Le particelle si animano. Lo spirito si stacca con un balzo dalla materia, che sempre lo tira giù, per immobilizzarlo. Creature minuscole s’agitano nei tiepidi oceani. Sempre più complesse diventano le piccolissime forme che racchiudono per un momento uno spirito ansioso di ricerca. Si avvicinano, si toccano, lo spirito comincia a creare l’amore. Si toccano, qualcosa passa. Muoiono, muoiono, muoiono senza fine. Chi saprà mai le procreazioni nei fiumi del nostro passato? Chi conterà i pesci danzanti sulle spiagge degli antichi mari? Chi udrà il battere mai udito di quella risacca? Chi piangerà i conigli delle pianure, le morbide maree del lemming? Muoiono, muoiono, muoiono ma hanno toccato qualcosa e qualcosa passa. Lo spirito balza via, crea incessantemente corpi nuovi, ricettacoli sempre più complessi che portino avanti lo spirito, lo passino, ingrandito, a coloro che seguono. I virus diventano batteri, diventano alghe, diventano felci. L’impeto dello spirito spezza la pietra, spinge in alto l’abete odoroso (…) l’anemone diventa calamaro, diventa pesce; lo scodinzolamento diventa nuoto, diventa strisciare; il pesce diventa lumaca, diventa lucertola; lo strisciare diventa cammino, diventa corsa, diventa volo. Le cose viventi si protendono l’una verso l’altra, lo spirito balza tra di loro. Il tropismo diventa fiuto, diventa fascino, diventa concupiscenza, diventa amore.

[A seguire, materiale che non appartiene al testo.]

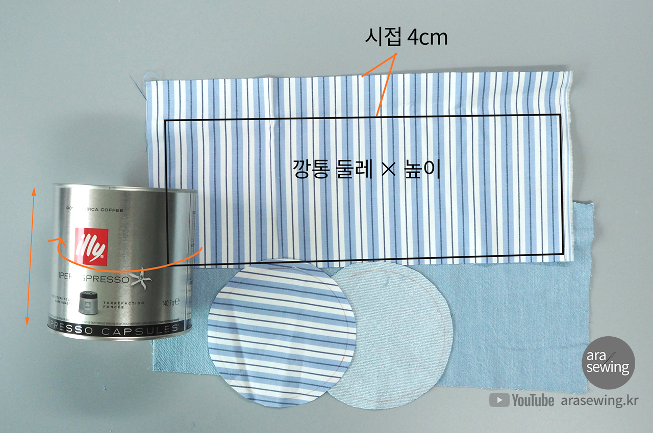 깡통 둘레에 옆선과 밑은 시접 1cm를 주고 윗면은 4cm를 추가로 주고 재단합니다.

Dalla lucertola alla volpe alla scimmia all’uomo, con uno sguardo, con una parola noi ci attiriamo, ci tocchiamo, moriamo, serviamo lo spirito senza saperlo, lo portiamo innanzi, lo tramandiamo. Sempre più alato, questo spirito, sempre più grandi i suoi balzi. Amiamo qualcuno che è molto lontano, qualcuno che è morto tanto tempo fa.

 

Il cammino tortuoso dello spirito

Se lo si osserva da vicino, si vede che il cammino dello spirito è tortuoso, è il luccichio lasciato da una chiocciola nella foresta notturna; ma dall’alto le piccole sinuosità si fondono in un corso regolare e continuo. L’uomo ha raggiunto un’altura dalla quale può volgersi indietro a guardare. Per migliaia di anni la pista è sgombra e al di là, nonostante la foschia, per altre migliaia di anni si vedono molte cose. L’orizzonte è milioni di anni dietro di noi. Oltre i meandri errabondi della nostra ultima marcia, si stende un sentiero splendente che corre dritto attraverso quella vasta distesa. Non è stato l’uomo a cominciarlo né sarà lui a compierlo, ma è lui che lo traccia, ora, che trova i valichi, taglia i canali. Di chi è la via che facciamo avanzare in questa maniera? Non è dell’uomo, poiché vi è contenuta la nostra prima impronta. Non è della vita, poiché quando la vita non era ancora il sentiero c’era già. Il viaggiatore è lo spirito: ora esso passa attraverso il regno dell’uomo. Non creammo noi lo spirito, non lo possediamo, non possiamo definirlo, ne siamo solo i portatori. Lo raccogliamo da forme dimenticate e incompiute, lo portiamo per la durata della nostra vita, lo tramanderemo, aumentato o diminuito, a coloro che seguiranno. Lo spirito è il viandante, l’uomo è il vaso.
Lo spirito crea, lo spirito distrugge. La creazione senza distruzione non è possibile; la distruzione senza creazione si alimenta della creazione passata, riduce la forma alla materia, tende all’immobilità. Dalla primordiale nebbia della materia fino alle galassie a spirale e ai sistemi solari precisi come un meccanismo, dalla roccia fusa fino ad un pianeta di aria, terra e acqua, dalla pesantezza alla leggerezza e alla vita, dalla sensazione alla percezione, dalla memoria alla coscienza; ora l’uomo regge uno specchio e lo spirito contempla se stesso…L’armonia tra uomo e natura la si trova nel proseguimento di questo viaggio lungo il suo antico corso, verso una libertà e una coscienza più ampie.

 

(“Spirit”. Da On Not Knowing How to Live, di Allen Wheelis, 1975, riprodotto su L’IO DELLA MENTE, D.R. Hofstadter e D.C. Dennett, Adelphi, 1985, p. 123)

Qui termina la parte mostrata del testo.